Это позже я узнаю, что последние годы моя мама была… ну, если не алкоголичкой, то что-то около того. А тогда я ничего не понимала: папа, такой спокойный, добрый, хозяйственный вечно вызывал недовольство мамы. К чему она только ни придиралась! И вспоминать не хочется…
Когда она приходила в хорошем настроении, мы с папой были на седьмом небе и боялись спугнуть эту хрупкую радость чем либо: громким голосом, неверным словом или движением. Мы услужливо предлагали маме ужин, мы осторожно рассказывали ей наши – но только приятные! – новости, мы усаживали её на диван и спрашивали: «ты почитаешь, или телевизор включить? не холодно ли тебе? не жарко ли?..» Папа осведомлялся, что из одежды приготовить ей на завтра – потому что, если утром она обнаруживала невыглаженную юбку, это могло отравить нашу жизнь на ближайшую неделю. Когда мама шутила, мы с папой смеялись её остротам до упаду – мы просто надрывали животики.

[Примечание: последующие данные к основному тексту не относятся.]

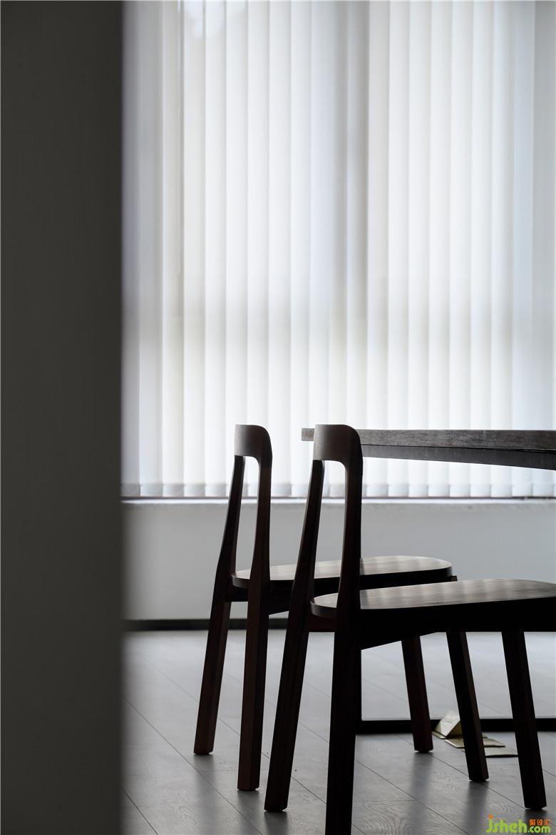 ▲墻體向餐廳的推移,為主臥留出足夠柜體空間,收納柜選用白色烤漆柜門,落地柜采用黑色長拉手避免白色過多的蒼白感。

При этом нам категорически не следовало выказывать любовь друг к другу – любимой у каждого из нас должна быть только мама. Чтобы подчеркнуть это, мы время от времени конфликтовали с папой – маме нравилось мирить нас и ощущать себя единственным связующим звеном.
– Вы бы давно загрызли один другого, если бы не я, – часто повторяла она бесцветным голосом.
Тишина и покой могли длиться не больше нескольких дней. Потом наступал срыв по какой-либо причине, и наша жизнь превращалась в ад.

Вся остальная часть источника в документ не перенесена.